Article written by Matt Mills
I have always been a big believer in doing lots of assistance exercises, especially when it comes to the sport of Strongman. Higher volume training has always been something my body has responded best too. Most beginners to the sport need to focus on the main movements of Strongman and improve their technique. Once a base has been established namely in the deadlift, overhead press, and moving events, then more accessory exercises can be added to the program. The best competitors train their weak points, and that is where the accessory work comes in to help. These are just a handful of assistance exercises I use to improve my events. Now, this list is not a replacement for any of the main barbell lifts or strongman events as we are looking to improve here.
1. Paused Front and Back Squats
If you have never tried paused squats, they are very humbling. Start with a very light weight, and slowly build your way up to a heavier set. I like to pause for 3 seconds at the bottom, any less and I don’t feel there is much benefit and any more, you may pass out. You want to make sure you hold your breath at the bottom of this movement, breathing out will only relax you to some degree. The pause front squat has the best carry over to improving the atlas stone load and picking a Husafell off the floor. A good tip on this exercise is to stay tight! Any kind of relaxing out of the hole will make this miserable to finish. Keep yourself honest with these and have someone count for 3 seconds, otherwise it will turn into hardly a pause at all. Not only do paused squats help in building your deadlift and stone events, they also improve your strength coming out of the hole with normal squats. If you want to make these even more difficult, try paused back squats with a Safety bar if you have access to one, and lose the belt here to build more core
2. Snatch Grip Deadlifts
In strongman, it’s not very common to have a deadlift event be from a standard height. Generally it is something extremely heavy but raised off the ground 12 to even 18 inches sometimes. For some this may be an easier lift, but for others, this height can be extremely challenging to get the bar moving. Deadlifting from this height takes an incredible amount of upper back strength which is exactly what we are focusing on when performing a snatch grip deadlift. For those of you who have done a car deadlift this movement is essential for building strength at that angle. A whole other article could be written about how to do a car deadlift but the angle you must pull at requires huge amounts of upper back strength. I love any variation of a snatch grip deadlift for its degree of difficulty, and I feel it is one of the best exercise to add muscle to your entire body.
3. Z press
The Z-press I feel is the most challenging overhead press that can be performed with a barbell and it’s named after the strongest presser in the world, Zydrunas Savickas, so you know it must work. Strictly Military presses should always be part of your program but when the weight gets too heavy you tend to lean back to press the weight overhead. With the Z press you must stay perfectly up right as you drive the bar overhead.
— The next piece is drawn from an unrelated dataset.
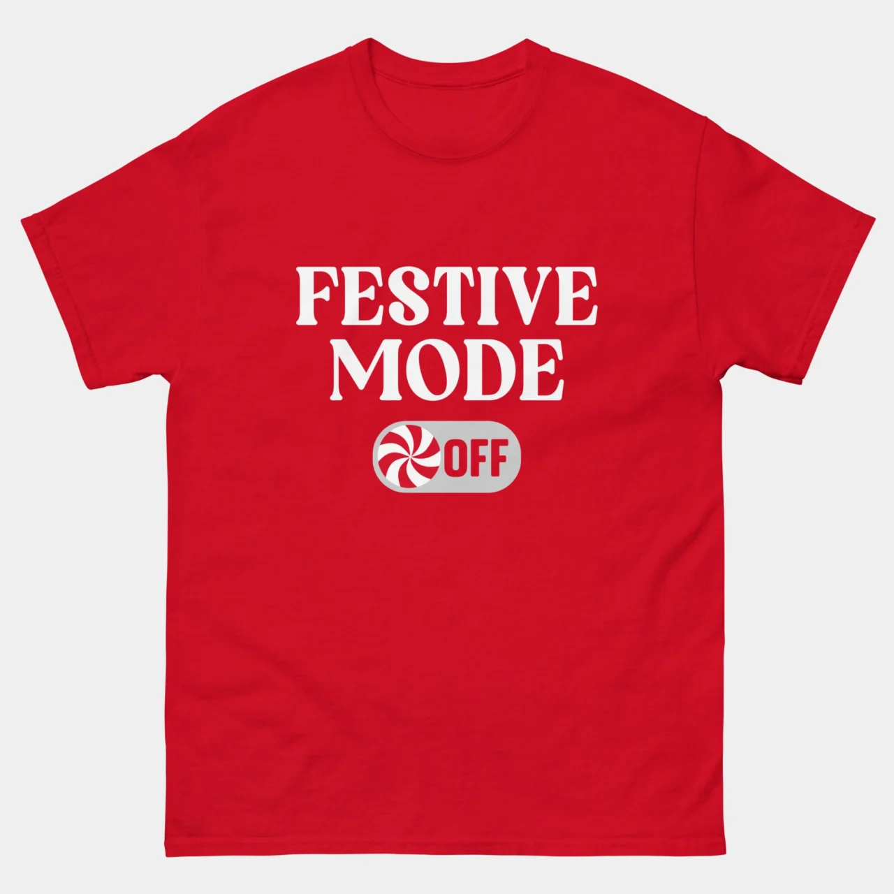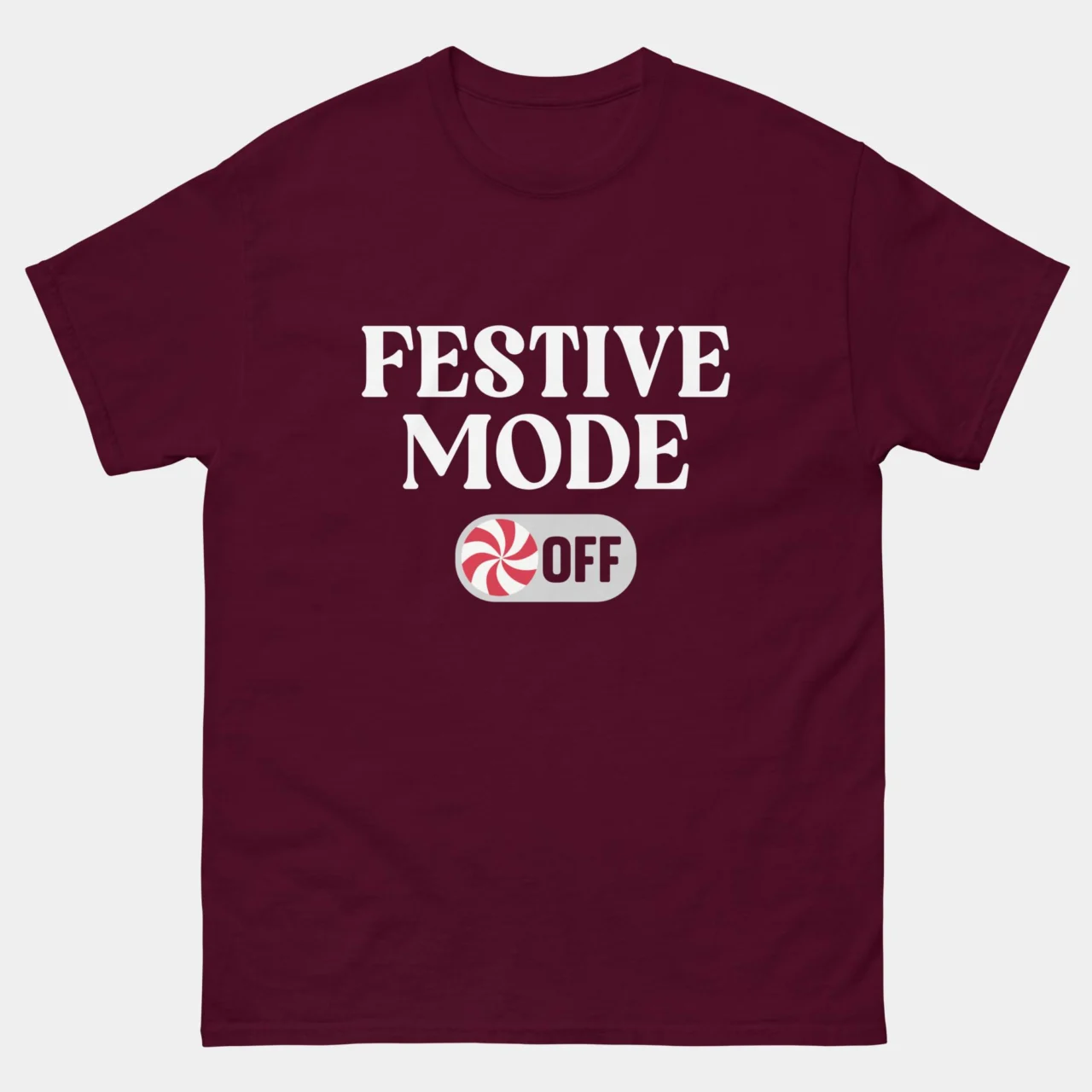 #FestiveModeOff #ProgrammerChristmas #TechWorkerGift #HolidaySarcasm #CoderBurnout #FunnyTshirt #SecretSantaTech #ChristmasApparel #CodeLife #TechFashion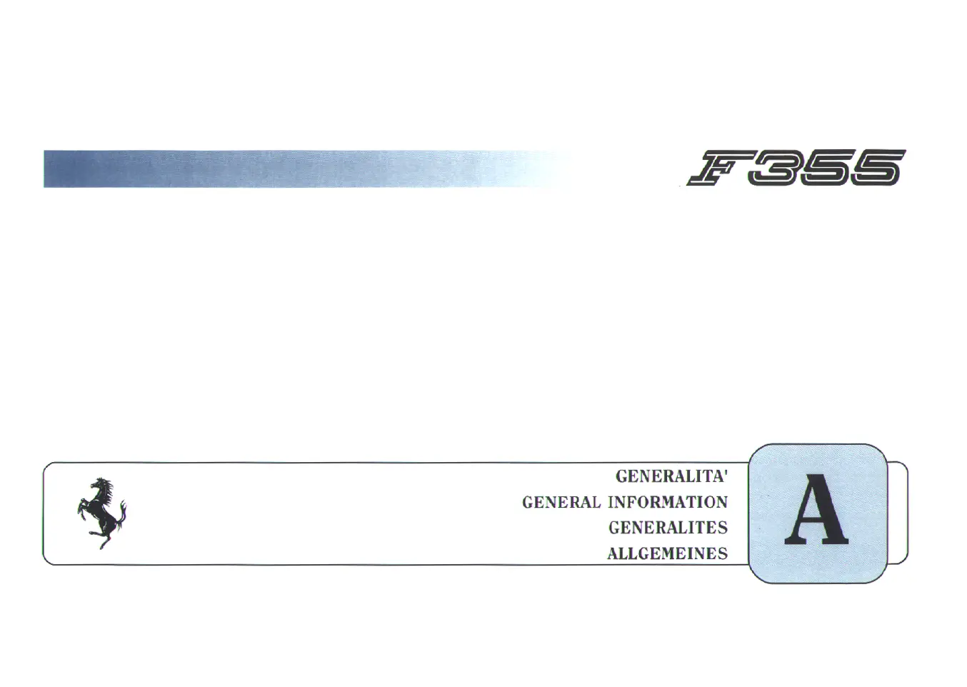 Ferrari F355 berlinetta - A) GENERALITA; A) GENERAL INFORMATION; A) GENERALITES; A) ALLGEMEINES

Your core will be greatly challenged, as well as your shoulder stability, both needed to press awkward objects overhead in strongman. Make sure you set the pins or straps about clavicle height so you won’t have much of a problem getting the bar into position. Make sure you drive your head through as the bar passes your forehead, otherwise with a heavy weight you will fall backwards. This movement can also be performed with dumbbells and kettlebells.
4. Overhead Dicks Press
Another exercise to build lockout strength in the overhead press, the Overhead Dicks press is deceiving in how difficult it really is, but your triceps will thank you later. As Chad Wesley Smith told me “don’t worry it has nothing to do with your dick.” Begin by pressing the bar overhead and keeping your body extremely tight, especially in the glutes. From the bar being locked out, lower the bar right to your fore head. Proceed to skim the top of your head and bring the bar right behind the back of your head but be careful to not go down too far. Think about just shaving the top of your head without actually touching the bar to your head. Once you reach the back of your head, bring the bar right back to the front of your forehead and press overhead. The breathing can be a little tricky on these but I like to take a big breath in while the bar is overhead then breath out and back in after a rep at lockout.
5. Zercher Good Morning
As if Zercher Squats weren’t painful enough, try using this position as a good morning. This movement can be very difficult to perform,, as you will reach a point that you will not be able to hold on to the bar. Unlike the squat where the bar must stay tight to your body during the goodmorning you must let the bar travel out as you drive your hips back. Even at 135lbs this movement can be very tough on your glutes, hamstrings, and low back: 3 muscle groups that are essential to strongman. Focus on driving your hips back but squeeze your glutes hard coming back up. Recently, I have been pushing the weight on these but have been using the help of a front squat/zercher harness to keep the bar in place. You look like you are ready for a Mad Max movie but it’s worth the investment to go heavier. If you are looking to improve your deadlift, then give these a try.
6. Pendlay Rows
This list couldn’t be complete without a row variation, and the Pendlay row is at the top for building a bigger and stronger back. There isn’t a strength sport out there where you couldn’t benefit from having stronger lats, traps, and erectors. You want a bigger deadlift, here you go, want to hang on to that husafell a little longer, get a stronger back. The Pendlay Row is essentially a bentover row but you will dead stop the bar on the floor after each row. I like this variation much better than a basic bentover row for a couple reasons. One being the increased range of motion. On a barbell row we tend to stand a little more upright as we get tired bringing the bar to the lower abdomen. During the Pendlay row the bar must come right to the lower chest/upper abs every rep. Also the dead stop off the floor every rep will build your deadlift strength as well as pick up odd objects off the ground in strongman.
7. Hatfield Squats
Named after one of the best squatters ever Fred Hatfield aka “Dr. Squat.” They have recently been introduced to me from Josh Bryant and I really like this exercise for a lot of reasons. The first being you can move some heavy ass weight which is always a nice ego booster. I was never a fan of doing heavy partial squats because I always liked hitting depth in a squat as I’m sure any reader of Lift Big Eat Big does. The only downside of this exercise is you need a safety bar to do them as you will not be able to balance a barbell on your back without using your hands, unless of course you are Mikhail Koklyaev.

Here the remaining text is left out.